1 Introduction

Metabolomics involves the study of small molecules (< 1500 Da) related to metabolism in cells, biofluids, and tissues using high-throughput analytical technologies (Wishart 2008). Metabolomics is increasingly being used in epidemiologic studies to identify metabolic variations related to disease development (Shah and Newgard 2015; Mayers et al. 2014; Sreekumar et al. 2009; Holmes et al. 2008), early detection biomarkers (Gaul et al. 2015; Ishikawa et al. 2016) and lifestyle biomarkers (Cross et al. 2014; Moore et al. 2014; Playdon et al. 2017, 2016). Because pre-analytical factors during sample collection and storage can introduce measurement error to metabolite levels and attenuate the associations with disease outcomes, evaluating the reproducibility of metabolites given the existing pre-analytical factors is critical before applying the technology in epidemiologic studies.

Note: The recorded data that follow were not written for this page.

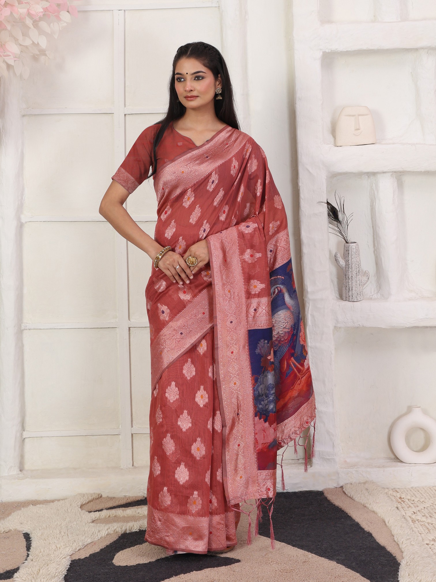 Rust Color Linen Cotton Fabric Ceremonial Looks Partywear Saree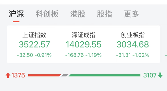 三大股指收盘集体下跌,其中,沪指跌0.91%,报3522.57点。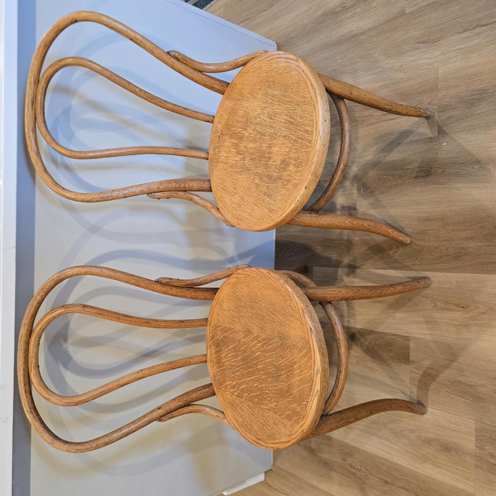 Pair of antique cafe chairs that combine form and function. Steam-bent wood arcs gracefully to create one of the most iconic and recognizable chairs ever produced. Solid wood frame and seat with a sculptural European flair. c.19th- early 20th century. Good condition with wear consistent with age and use. Please refer to photos as they are part of the description. Approximately 34.5"x 16"x16". Seat height 18-3/8" x 16" depth.

A potential source of pre-analytic variation in many epidemiologic studies is the delay in sample processing that often occurs when blood is collected outside of facilities with appropriate processing laboratories, and thus must be transported to a different facility for fractionation and subsequent storage and the delay could go beyond 24 h. During prolonged processing delays, certain metabolite levels can change primarily due to active metabolism of red blood cells (Bernini et al. 2011; Bervoets et al. 2015; Fliniaux et al. 2011; Jain et al. 2017; Jobard et al. 2016; Malm et al. 2016; Trezzi et al. 2016).

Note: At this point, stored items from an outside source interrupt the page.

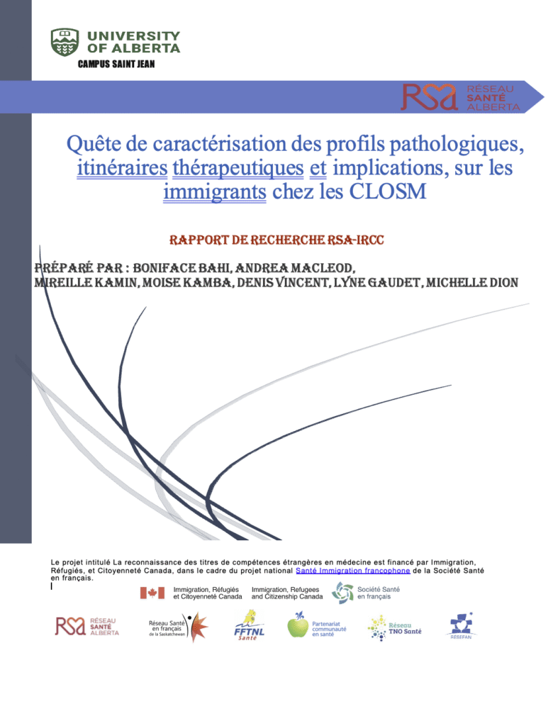 Rapport de recherche RSA – IRCC Quête de caractérisation des profils pathologiques, itinéraires thérapeutiques et implications, sur les immigrants chez les CLOSM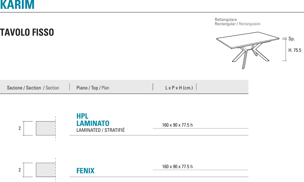 La Primavera KARIM 160 rettangolare | tavolo fisso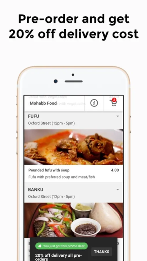 You can save 20% on delivery cost if you pre-order any meal on Mohabb Food. What are you waiting for?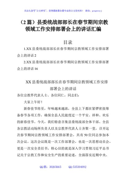 / (2篇)县委统战部部长在春节期间宗教领域工作安排部署会上的讲话汇编

Several studies have evaluated the effect of processing delays on serum or plasma metabolic profiles (Bernini et al. 2011; Bervoets et al. 2015; Breier et al. 2014; Dunn et al. 2008; Fliniaux et al. 2011; Jain et al. 2017; Jobard et al. 2016; Kamlage et al. 2014; Malm et al. 2016; Midttun et al. 2014; Townsend et al. 2013; Trezzi et al. 2016; Yin et al. 2013; Shurubor et al. 2007). However, only three of these studies evaluated processing delays longer than 24 h (Jain et al. 2017; Midttun et al. 2014; Shurubor et al. 2007), and among those studies either a limited number of metabolites was evaluated (Midttun et al. 2014; Shurubor et al. 2007) or no quantitative individual metabolite results were provided (Shurubor et al. 2007; Jain et al. 2017). Thus, information regarding the reproducibility of individual metabolites over longer processing delays is lacking.

The statistical method used to quantify the influence of processing delay is important when informing calculation of statistical power or sample size in epidemiologic studies of metabolomics and diseases. In epidemiologic studies that examine relationships with disease outcomes, metabolite reproducibility, assessed by intraclass correlation coefficient (ICC, the ratio of between-person variance to total variance), is more meaningful to consider than absolute level change. When between-person variation is much larger than variation due to processing delay, the impact of processing delay on the metabolite-disease association will be minimal (Bervoets et al. 2015). ICC has been used to calculate attenuated risk estimates given the true risk estimates (Platz et al. 2010; Rosner et al. 1992). The attenuated risk estimate determines the effect size and statistical power of the study. Some previous studies reported significant changes in metabolite levels due to processing delay but didn’t calculate variation due to processing delay (Breier et al. 2014; Bernini et al. 2011; Jobard et al. 2016; Kamlage et al. 2014; Malm et al. 2016; Trezzi et al. 2016; Yin et al. 2013). Several other studies reported systematic differences in blood metabolic profiles using multivariate analysis such as principal component analysis and suggested that between-person variation was greater than processing delay variation but didn’t calculate ICC (Bervoets et al. 2015; Fliniaux et al. 2011; Jain et al. 2017; Teahan et al. 2006). Only two of the previous studies quantified reproducibility over processing delays using ICC (Townsend et al. 2013; Midttun et al. 2014).

Therefore, we conducted a study to test the reproducibility of metabolites measured by an untargeted, ultrahigh performance liquid chromatography-tandem mass spectrometry (UPLC–MS/MS) platform over extended processing delays up to 48 h, mimicking the conditions during sample transportation and processing in large population studies. We aimed to examine the reproducibility of the metabolites and identify a list of metabolites that are poorly reproduced during processing delays to inform studies with similar pre-analytic conditions. We also aimed to evaluate the reproducibility of the platform using sample replicates.

2 Methods

2.1 Participants and study design

A convenience sample of 18 healthy volunteers donated non-fasting blood for this study. A total of 240 ml blood was collected using 10 ml sodium EDTA vacutainers. Blood samples were placed in a rack and kept in the refrigerator until being processed by centrifugation for 10 min at 1000×g after 0, 15, 30, and 48 h. Plasma was transferred into the 1.8 ml cryovials using a sterile, disposable plastic pipette and stored at − 80 °C until needed for analysis. For each participant, the samples collected at the 15- and 48-h time points were analyzed in duplicate whereas those for the 0- and 30-h time point were analyzed in triplicate. Thus, ten samples were analyzed from each volunteer.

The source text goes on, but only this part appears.